Shoveling Shit and Killing Critters

So after the disillusionment of a short career in middle management as a Food Manager at the University of Wisconsin, I decided to take a job as kennel worker at the Humane Society next door to the Oscar Mayer hot dog factory which lent the area a fragrance of feral flatulence. The dog pound, every other day or so, fired up its Incinerator and burned the cats and dogs, kittens and puppies which Mike, our manager, had dispatched with an injection of phenobarbital, adding burnt hair and searing meat to the olfactory mix. We had ourselves an animal Auschwitz.

I had gone to the Pound to look for a pet, see if they had a little guy whose beseeching eyes thawed my wintry heart enough to adopt. I found a wiener dog, appropriately enough, a dachshund, and by the time I’d put the little fellow on a leash, I’d seen the sign Kennel Worker Wanted, applied for and been accepted as their new employee, start next day.

There were three of us on the crew working the pens and the outdoor runs. Larry sprayed down the pens, I was the puppy room guy and Mary Jean handled the cats. All day I cleaned the poop and piss, laid down fresh newspapers and talked to prospective adopters. My partner Larry had just gotten out of prison, served 16 months for selling LSD to a federal undercover narcotics agent, and this job was the only one he’d found where an ex-felon could get hired. Mary Jean had terminal cancer, she told us one day at lunch break, but she didn’t. She just liked the idea, I guess, of an early and tragic demise. Maybe too much soap opera in her teens.

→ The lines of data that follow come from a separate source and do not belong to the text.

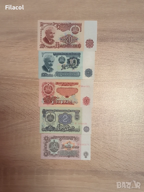 Пълен Лот банкноти 1974 година - от 1 до 20 лева UNC, снимка 1 - Нумизматика и бонистика - 53568156 Пълен Лот банкноти 1974 година - от 1 до 20 лева UNC, снимка 2 - Нумизматика и бонистика - 53568156 1/2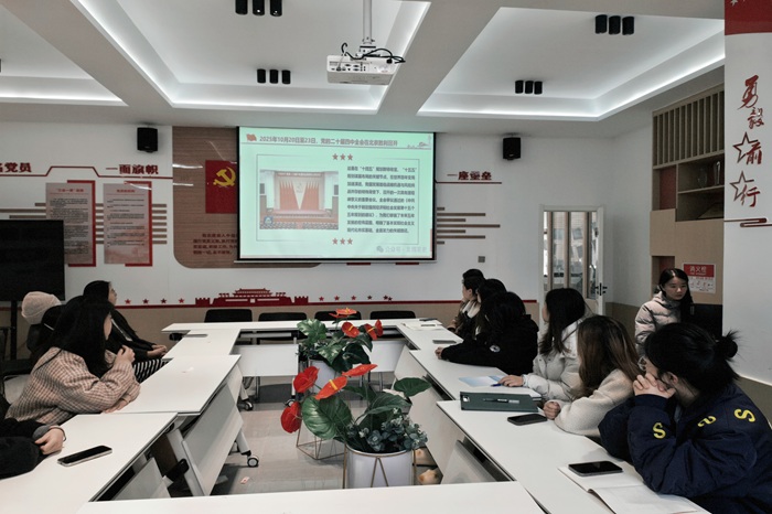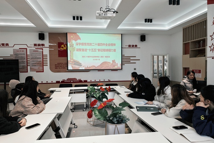 为学习贯彻党的二十届四中全会精神,推动习近平新时代中国特色社会主义思想入脑入心,崇德书院学生第三党支部于2025年11月25日19:00,在书院党建活动室开展党的二十届四中全会精神专题党课。崇德书院学生第三党支部书记王沥滢老师担任主讲人。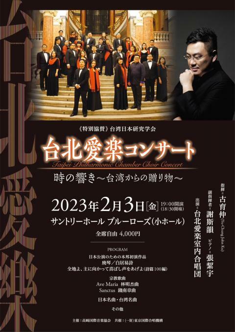 台北愛樂コンサート 時の響~台湾からの贈り物~ 23/2/3(金) サントリーホール ブルーローズ(小ホール) シェア ツイート 台湾が誇る台北愛樂室内合唱団の日本初公演! 公演情報 ジャンル 声楽 未就学児の入場はご遠慮ください。小学生以上はチケットが必要になります。一度購入されたチケットの払い戻し、交換はいたしかねますので、ご了承ください。 料金 全席自由-4,000円 表示できるチケット情報はありません詳しくはこちら キャスト&スタッフ 出演 台北愛楽合唱団 お問い合わせ 高崎国際音楽協会 シェア ツイート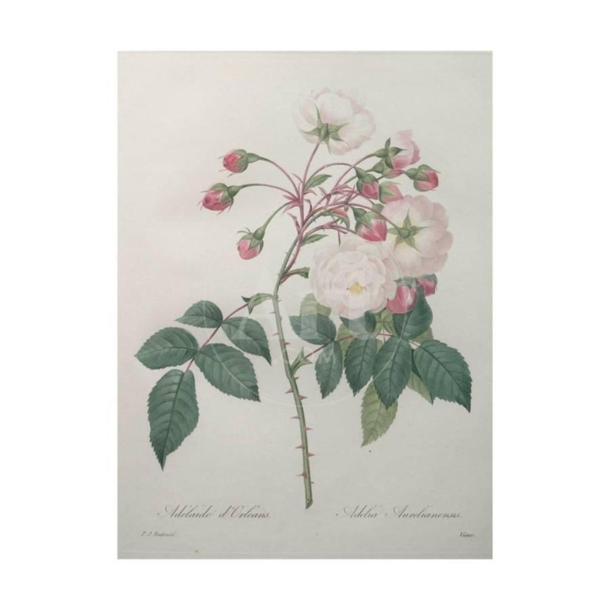 Modern print, after Pierre-Joseph Redoute ( French 1759-1840 ) Original Redoute stipple engravings with hand-coloring bring thousands of dollars per print. This modern re-print was created in the 1980's. 11" X 14". Comes with mat & backboard ready to frame. Redoute is unquestionably the best-known botanical illustrator of any era. The decorative appeal of his original engravings led to their modern reproduction, which in turn popularized Redoute's work in a way unique among botanical artists. Born into a family of artists in what is now Belgium, Redoute's talent was recognized & encouraged from an early age. Eventually, Redoute had, as pupils or patrons, five queens & empresses of France, from Marie-Antoinette to the Empress Josephine & her successor, Marie-Louise. Despite many changes of regime in a turbulent epoch, he worked without interruption, eventually contributing to over fifty works on natural history & archeology. The luminosity of stipple engraving, a technique perfected by Redoute, is particularly suited to the reproduction of botanical detail. The medium involved engraving a copper plate with a dense grid of dots that could be modulated to convey delicate gradations of color. Because the ink rested on the paper in miniscule dots, it did not obscure the "light" of the paper beneath the color. After this complicated printing process was complete, the prints were finished by hand in watercolor, so as to conform to the exquisite models Redoute provided. Â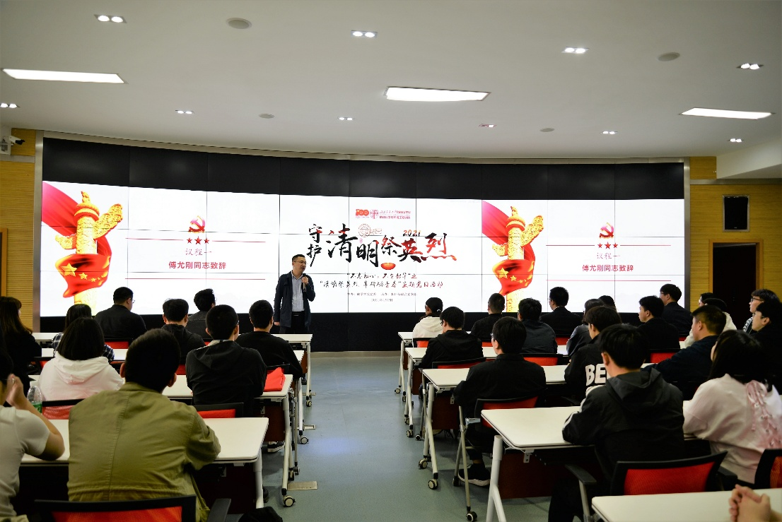 傅尤刚讲到,今年是中国共产党成立100周年、“十四五”规划及现代化建设新征程的开局之年,通过清明祭英烈的方式,同学们铭记英雄,缅怀先烈,意义重大。他勉励同学们应时刻不忘先辈遗志,清楚认识自己肩负的责任和使命,在今后的岗位上锐意进取,为我国社会主义现代化建设贡献应有的力量!

I told myself shoveling shit was no worse — and maybe the same — as my last job, just slightly more literal. And maybe that was true. But I never killed anyone or anything at my dining hall or my grill or my ice cream parlor. Even though I did poison a few dozen folks with my toxic potato salad warmed to a microbial paradise under the heating lamps. But that, I told the cuisine cops who finally discovered the source for the rash of food poisonings, was accidental, the result of ignorance. Personally, I always like my potato salad a little on the warm side.

I lasted three months at the kennel. You can only kill so many dogs and cats before the toll on your psyche weighs on you with the tonnage of guilt no rationalization can lighten. To lighten the burden, I ended up adopting three dogs, maybe a bit too much atonement for a one bedroom upstairs apartment over a TV repair shop. But of course, that’s another story. One, for the time being, I’ll spare you.